McArdle then asked the defendant if he and McCaffrey could speak to him privately away from Field. The defendant agreed and the three of them went outside. Once outside, McArdle asked the defendant if he could explain how an IP address with an account in Field’s name and associated with 480 North Landing Road was identified as downloading child pornography. The defendant said that he had no answer for that, and then, when asked if he could have downloaded child pornography accidently, he replied no. McArdle indicated to the defendant that, in the past, the FBI had found IP information to be fairly credible, and that the only way to be certain as to whether the correct IP address had been obtained was to have the computers in the residence forensically examined by FBI experts in Buffalo. In that regard, McArdle stated to the defendant, “You have a choice. You can let us take them or not let us take them. You can resolve the matter by letting us take them. If you don’t allow us to take them, the investigation will continue.” At first the defendant was hesitant. He indicated that he did not want to be without computers and Internet access at the house. He indicated that he was using the computer to search for work and that Field used the Internet to play games. However, he then indicated that he would let McArdle and McCaffrey take the computer from upstairs but not the one from downstairs.

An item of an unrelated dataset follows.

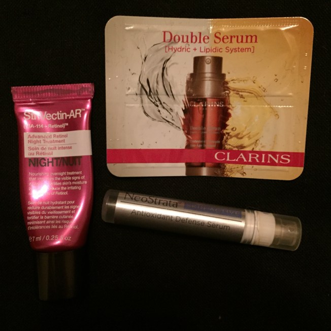 I could tell after this one-time-use packet that I needed the Clarins Double Serum in my life. I just loved the texture of it so much. It’s similar to the NeoStrata in that it’s like an oil, but the Clarins is less slippery and more moisturizing. There are two sides – two serums that are kept separate that mix together once you pump it out. I’m not sure why they are kept separate. Perhaps to retain the purity of each side? There’s a high possibility that’s not right, but it sounds scientific enough to be right. And also kind of romantic cuz that’s how my brain processes scientific information (i.e., not very scientifically; i.e., not very well AT ALL). This serum felt so soft going on, almost like velvet. It did take a bit to sink in, so I’d probably use less the next go-round, but once it absorbed my skin felt brand new. I could have completely skipped moisturizer because it felt that good. I mean, I didn’t because I love my 17-step routine, but I COULD IF I WANTED TO and that is the point.

The defendant, McArdle, and McCaffrey went back inside the house, after which the defendant and McCaffrey proceeded upstairs, while McArdle waited downstairs with Field. Using a tool, the defendant unscrewed two hard drives from the computer on the second floor and handed them to McCaffrey. The defendant and McCaf-frey then went back downstairs. About five minutes had elapsed from the time they went upstairs until the time they returned downstairs. When the defendant and McCaffrey were back downstairs, McArdle produced a form, received into evidence as Exhibit # 1 and captioned “Consent to Search Computer(s).” The form consisted of two pages, but only page one was applicable to the situation at hand. After McArdle read page one of the form to the defendant and showed it to him, the defendant signed page one of the form in the presence of McArdle and McCaffrey, who witnessed his signature. Before the defendant signed page one of the form, McArdle asked him if he had any questions and the defendant answered that he did not. By its plain reading, in signing page one of the form, the defendant gave the FBI permission to search the two hard drives that he had handed to McCaffrey. Significantly, page one of the form includes the following language: “I have been advised of my right to refuse to consent to this search, and I give permission for this search, freely and voluntarily, and not as the result of threats or promises of any kind.” In fact no threats or promises were made by McArdle or McCaffrey to the defendant to get him to sign the form, and at no time prior to signing the form did the defendant ever indicate that he wanted to consult with a lawyer. Further, the defendant was never restrained in any fashion. Moreover, the defendant did not exhibit any signs that he was under the influence of alcohol, but rather was coherent. After the defendant signed the consent form, McArdle provided him with a receipt for the two hard drives, which was received into evidence as Exhibit # 2 and which was signed both by McArdle and the defendant. After providing the defendant with the receipt, McArdle and McCaffrey left 480 North Landing Road with the two hard drives. The total time that McArdle and McCaffrey were at 480 North Landing Road on July 14, 2005, was less than an hour.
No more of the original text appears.